» **AIM OF THE EXERCISE**
This exercise calls for the data below to be retyped exactly, minus any images.

» **SUPPLIED INFORMATION**

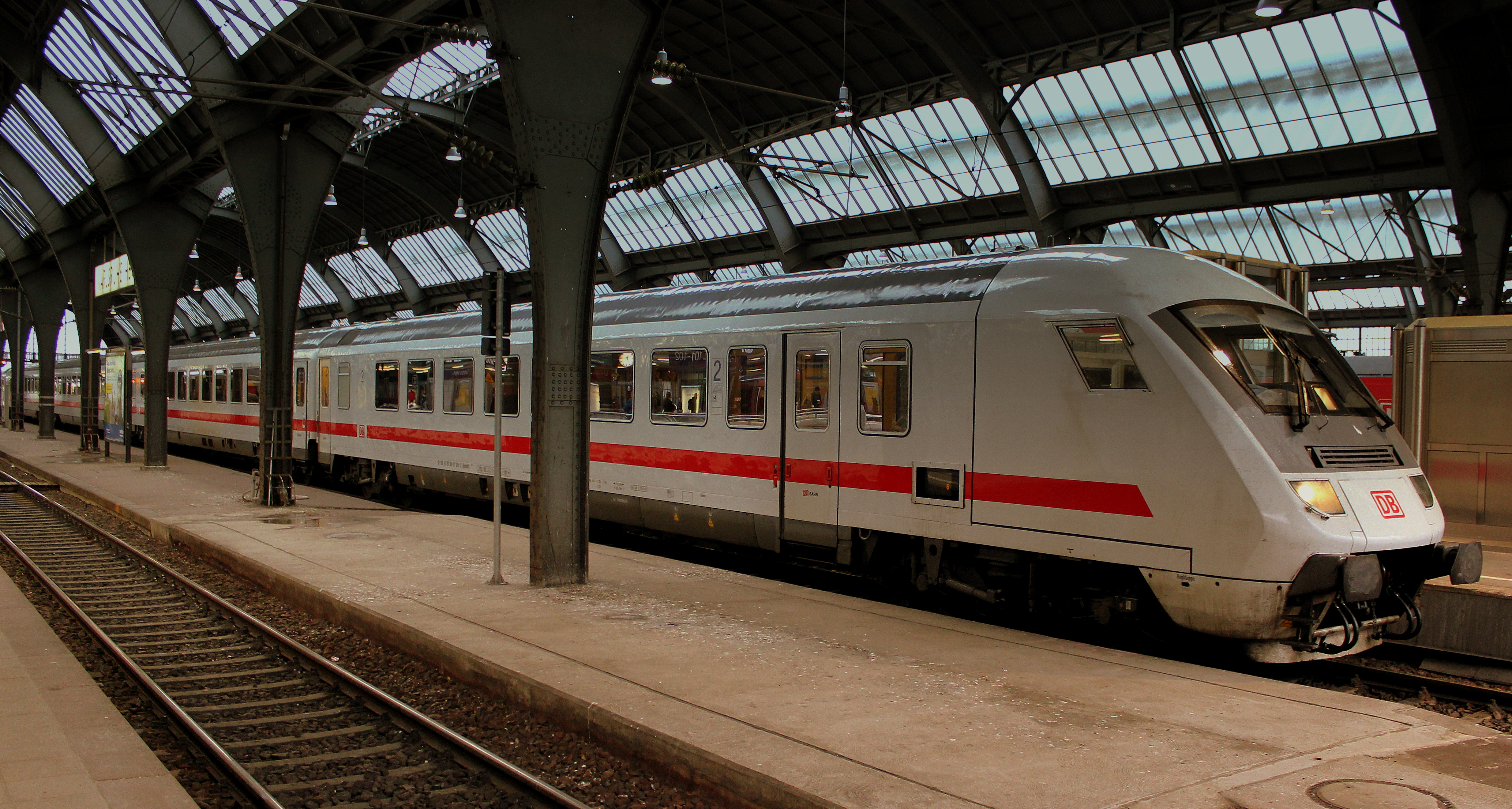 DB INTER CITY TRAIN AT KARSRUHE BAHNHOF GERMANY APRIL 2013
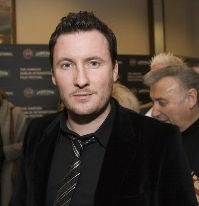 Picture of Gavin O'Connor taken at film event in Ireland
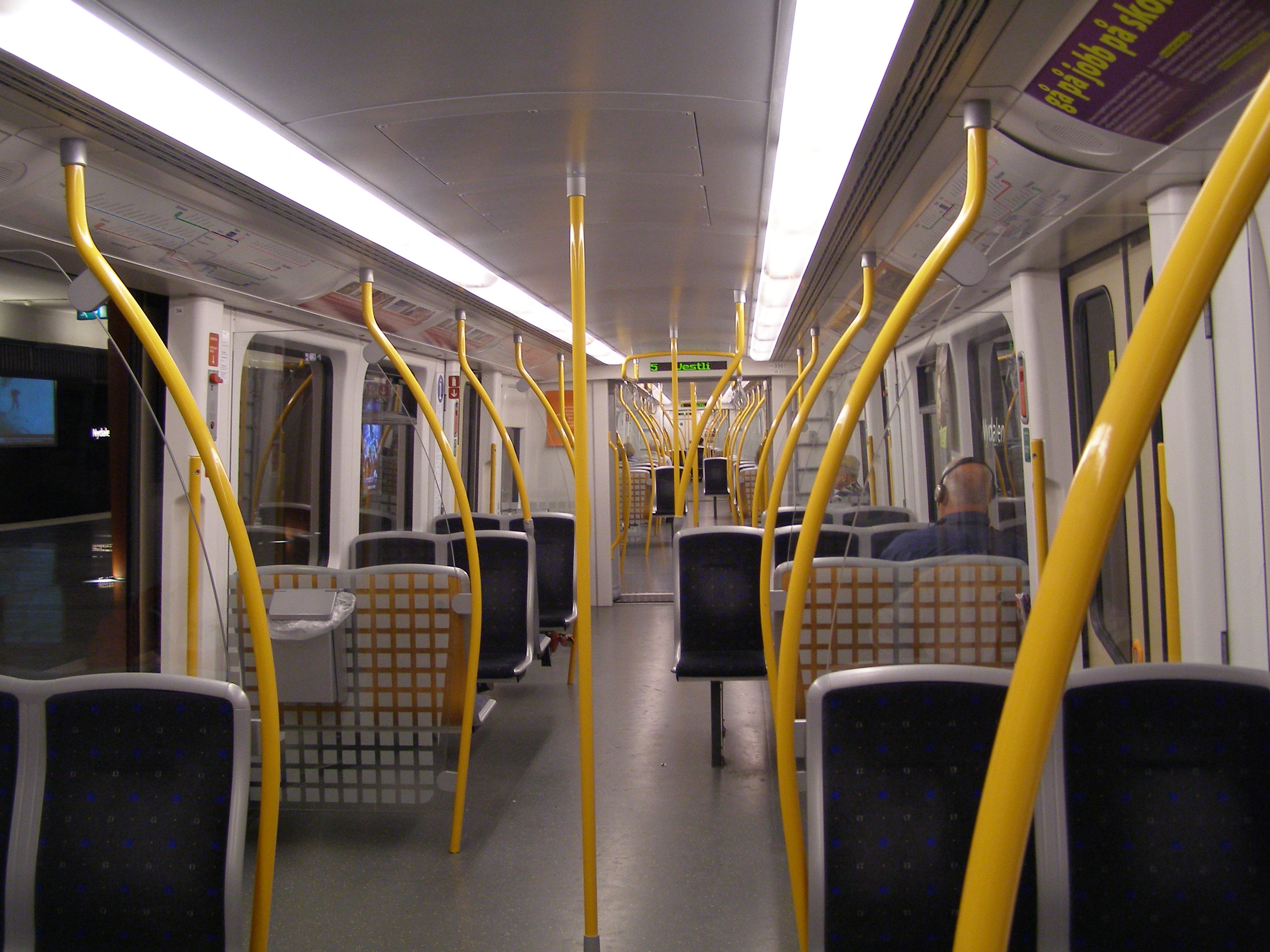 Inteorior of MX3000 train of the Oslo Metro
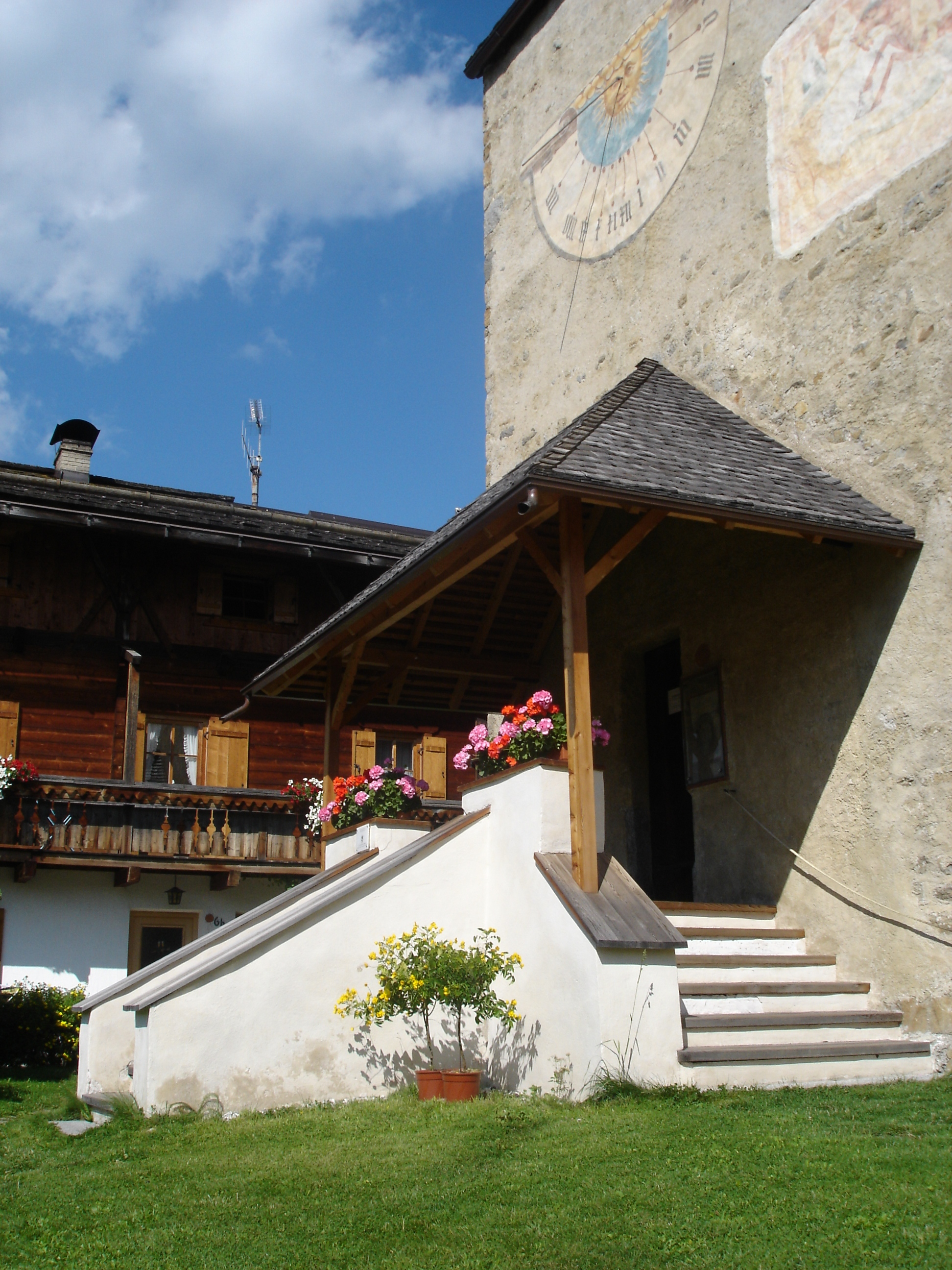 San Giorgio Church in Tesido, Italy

» **RESULT OF THE EXERCISE**
 DB INTER CITY TRAIN AT KARSRUHE BAHNHOF GERMANY APRIL 2013
 Picture of Gavin O'Connor taken at film event in Ireland
 Inteorior of MX3000 train of the Oslo Metro
 San Giorgio Church in Tesido, Italy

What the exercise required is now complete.